The task: Your answer must be the lines from the top of the listing below through the line that holds "Calon Bupati dan", retyped exactly, with no pictures.

--- Recorded data Enclosed Below ---

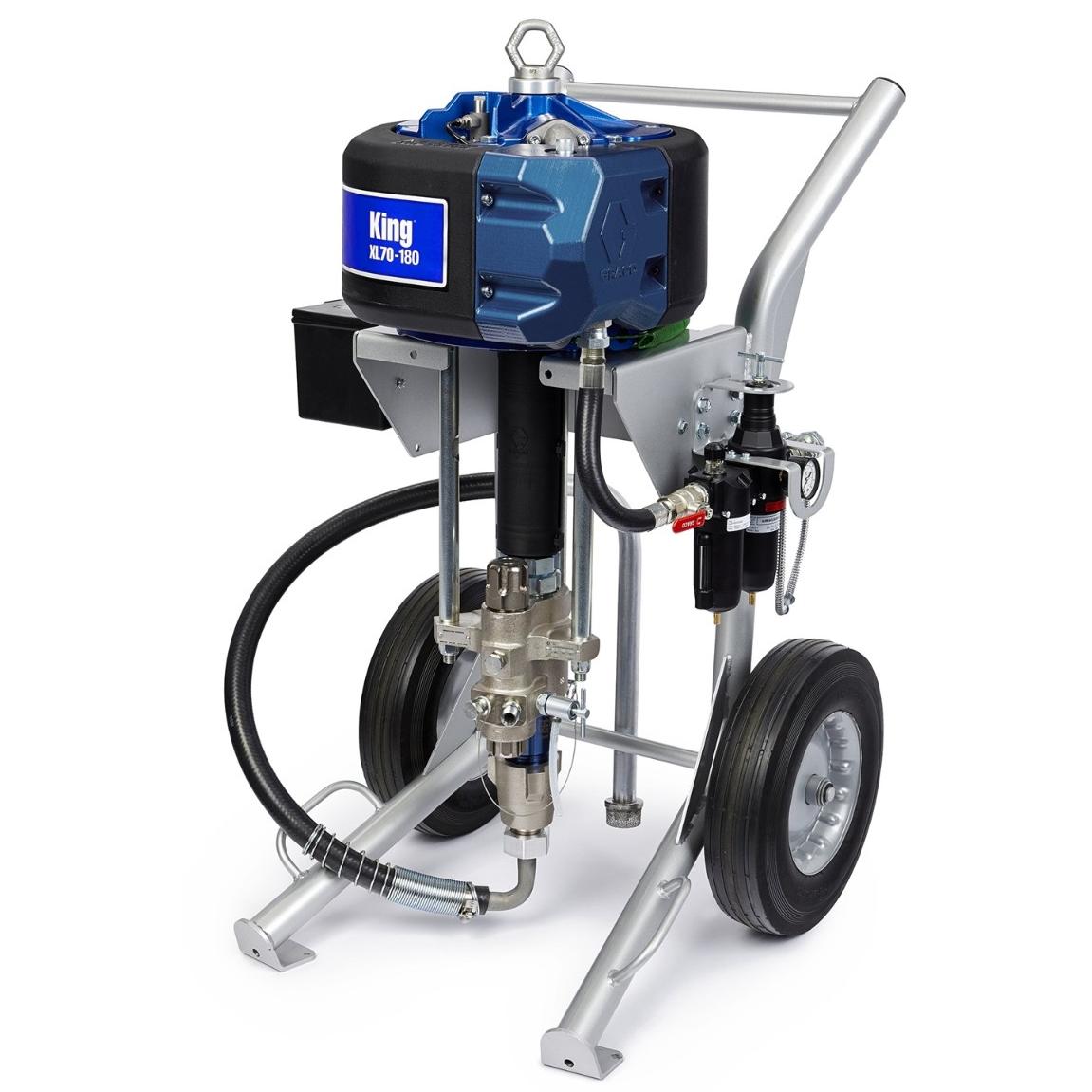 Распылитель Graco King 70:1, встроенный фильтр, усиленная тележка, пневматическое управление, комплект сифона, XTR-7, шланг 15 м (50 футов), гибкий шланг-поводок 1,8 м (6 футов)
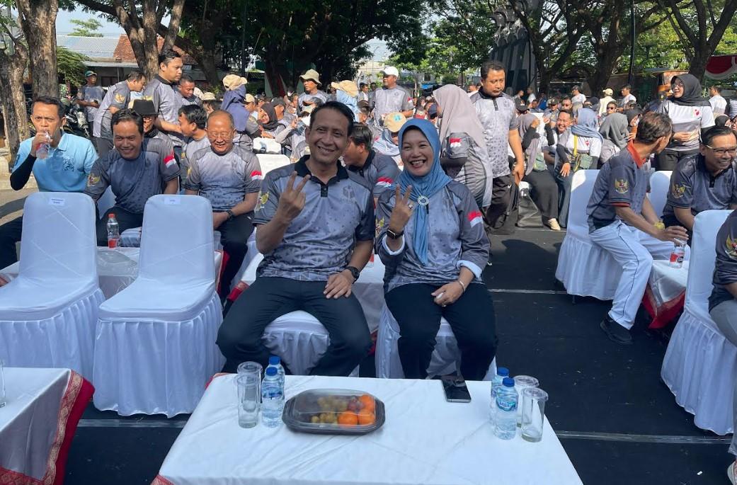 Calon Bupati dan Wakil Bupati Nomor Urut 2, Setyo Wahono-Nurul Azizah menghadiri deklarasi Pilkada Damai 2024 yang digelar Badan Pengawas Pemilu
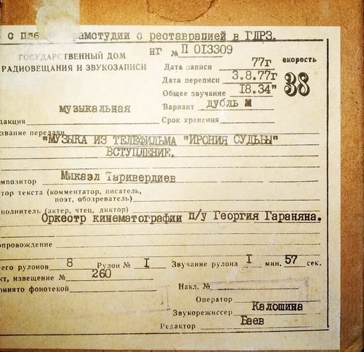 Как обычно в эти новогодние праздники вся страна смотрела бессмертную комедию Эльдара Рязанова "Ирония судьбы, или с лёгким паром". Эти показы были юбилейными. Впервые советские люди увидели фильм по ЦТ СССР 1 января 1976 года. Картина имела оглушительный успех и стала одним из символов новогодних праздников в нашей стране на следующие пятьдесят лет. Немаловажной причиной успеха "Иронии судьбы..." стала замечательная музыка Микаэла Таривердиева, в том числе и песни, которые Микаэл Леонович написал на стихи разных поэтов. В том числе и короткая песенка "На Тихорецкую состав отправится". Музыка из телефильма "Ирония судьбы, или с легким паром" почти сразу стала жить своей отдельной от фильма жизнью. Уже в начале 1977 года Государственный дом радиовещания и звукозаписи (ГДРЗ) сделал на 38 скорости профессиональную магнитофонную запись музыки из фильма Э. Рязанова. Эта мастер плёнка потом использовалась для создания грам пластинок и трансляций на радио. Правда на этой записи почему то песн

--- End of Enclosed Recorded data ---

Exercise output:
 Распылитель Graco King 70:1, встроенный фильтр, усиленная тележка, пневматическое управление, комплект сифона, XTR-7, шланг 15 м (50 футов), гибкий шланг-поводок 1,8 м (6 футов)
 Calon Bupati dan Wakil Bupati Nomor Urut 2, Setyo Wahono-Nurul Azizah menghadiri deklarasi Pilkada Damai 2024 yang digelar Badan Pengawas Pemilu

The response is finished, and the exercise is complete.